AbbVie Inc., 1 North Waukegan Road, North Chicago, IL, 60064, USA.
Adv Ther. 2021 Jan;38(1):337-349. doi: 10.1007/s12325-020-01537-1. Epub 2020 Oct 28.
Clinical guidelines recommend levothyroxine as the standard of care for hypothyroidism and that patients should be treated with a consistent preparation of synthetic levothyroxine without switching among formulations. This study examines the likelihoods of negative clinical outcomes between continuous users of Synthroid (AbbVie, Inc.) and patients who switch from Synthroid to an alternative formulation of levothyroxine.
This retrospective cohort analysis utilized data from Optum Clinformatics™ DataMart covering May 1, 2000 to March 30, 2016. After 6 months of consistent use of Synthroid, patients were categorized as continuous users or as switchers (by filling a prescription for an alternative formulation). Key outcomes included the likelihood of a thyroid-stimulating hormone (TSH) laboratory value out of a guideline recommended range and/or an adverse clinical composite endpoint identified by ICD codes in the patient's claims data over the following 2 years for any of the following: chronic kidney disease, depression, fatigue, heart failure, hyperlipidemia, hypertension, or obesity. Individual components of the composite endpoint were also examined. Outcomes were analyzed using multivariable logistic models on propensity score matched cohorts. Analyses controlled for patient characteristics using SAS 9.4 software. Chi-square and t tests were employed and P < 0.05 was pre-specified as statistically significant.
Propensity score matching resulted in a sample of 9925 continuous users and 9925 switchers. Switchers were significantly more likely than continuers to have a TSH laboratory value out-of-range in the post-period [odds ratio (OR) 1.15; 95% confidence interval (CI) (1.08-1.23)]. Switchers were also more likely to have the composite clinical endpoint [OR 1.23; CI (1.12-1.37)] and to have individual diagnoses of chronic kidney disease, depression, fatigue, hypertension, or obesity in the post-period.

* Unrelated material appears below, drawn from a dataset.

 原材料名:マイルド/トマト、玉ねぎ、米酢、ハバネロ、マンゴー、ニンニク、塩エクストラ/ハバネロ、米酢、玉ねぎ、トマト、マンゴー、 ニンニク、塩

Results of this large retrospective study over an extended time horizon support clinical guideline recommendations that switching among alternative formulations of synthetic levothyroxine should generally be avoided. Continuous use of Synthroid was associated with a significantly higher likelihood of maintaining the TSH laboratory value within a guideline recommended range and a significantly lower likelihood of being diagnosed with adverse clinical outcomes.

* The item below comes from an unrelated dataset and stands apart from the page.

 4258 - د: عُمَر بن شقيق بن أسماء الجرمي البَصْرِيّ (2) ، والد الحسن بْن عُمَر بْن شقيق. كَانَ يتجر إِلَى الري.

临床指南推荐左甲状腺素为治疗甲状腺功能减退症的标准治疗方法,并建议患者使用一致的合成左甲状腺素制剂,避免在不同制剂之间转换。本研究旨在比较连续使用 Synthroid(AbbVie,Inc.)的患者与从 Synthroid 转换为其他左甲状腺素制剂的患者之间发生不良临床结局的可能性。
本回顾性队列分析使用了来自 Optum Clinformatics™ DataMart 的数据,时间范围为 2000 年 5 月 1 日至 2016 年 3 月 30 日。在连续使用 Synthroid 6 个月后,根据患者是否开具了替代制剂的处方,将其分为连续使用者或转换者。主要结局包括在接下来的 2 年内,使用甲状腺刺激激素(TSH)实验室值是否超出指南推荐范围,以及患者索赔数据中通过 ICD 编码识别出的任何以下不良临床复合终点的可能性:慢性肾脏病、抑郁症、疲劳、心力衰竭、高血脂、高血压或肥胖症。还对复合终点的各个组成部分进行了检查。使用倾向评分匹配队列的多变量逻辑模型分析了结局。使用 SAS 9.4 软件对患者特征进行了控制。采用卡方检验和 t 检验,P<0.05 为统计学显著。

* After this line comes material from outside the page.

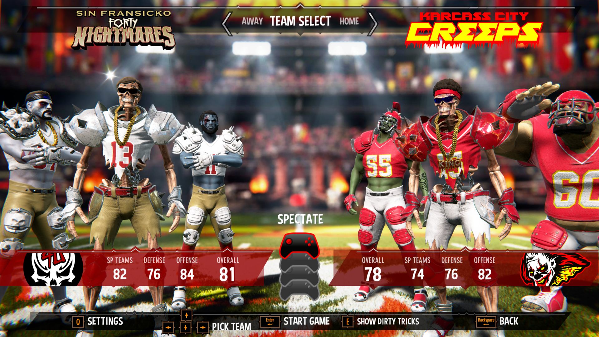 - Монстр-сквад - Выбирай из более чем 36 команд MFL, состоящих из безумных мутировавших версий звёзд профессионального футбола - 32 команды большой лиги, такие как Karcass City Creeps, Killadelphia Evils и Blitzburgh Steelheads, а также 4 команды малой лиги, вроде Orcs of Hazards и Tokyo Terminators. Игроки, открытые через карточки MFL, включают в себя исторических звезд, которых можно подписать в режиме свободных агентов. Ну а если хочешь быть уникальным снежинкой - создай собственную команду и построй свою легенду.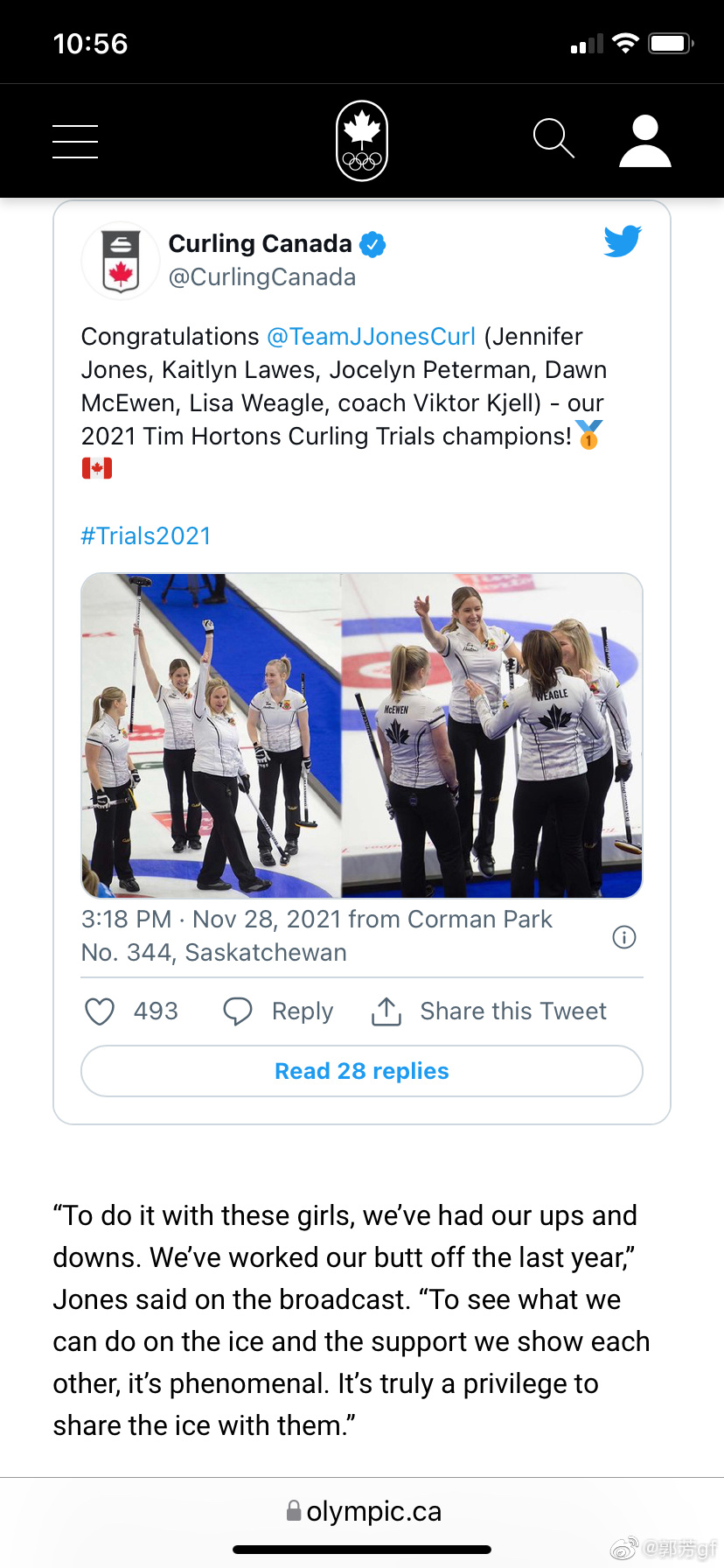 Jennifer是谁呢?叫的这么亲切!她全名Jennifer Jones,她做领队的女子冰壶队上周刚刚赢得加拿大境内的选拔赛,将代表加拿大出征北京2022冬奥会。她的队伍2014年曾获得索契冬奥会的冠军,打败了瑞典队。

倾向评分匹配后,共纳入 9925 名连续使用者和 9925 名转换者。在随访期间,转换者的 TSH 实验室值超出范围的可能性明显高于连续使用者[比值比(OR)1.15;95%置信区间(CI)(1.08-1.23)]。转换者发生复合临床终点的可能性也更高[OR 1.23;CI(1.12-1.37)],且在随访期间更有可能被诊断为慢性肾脏病、抑郁症、疲劳、高血压或肥胖症。
这项在较长时间范围内进行的大型回顾性研究的结果支持临床指南的建议,即在一般情况下,应避免在不同的合成左甲状腺素制剂之间转换。连续使用 Synthroid 与 TSH 实验室值保持在指南推荐范围内的可能性显著增加,以及与发生不良临床结局的可能性显著降低相关。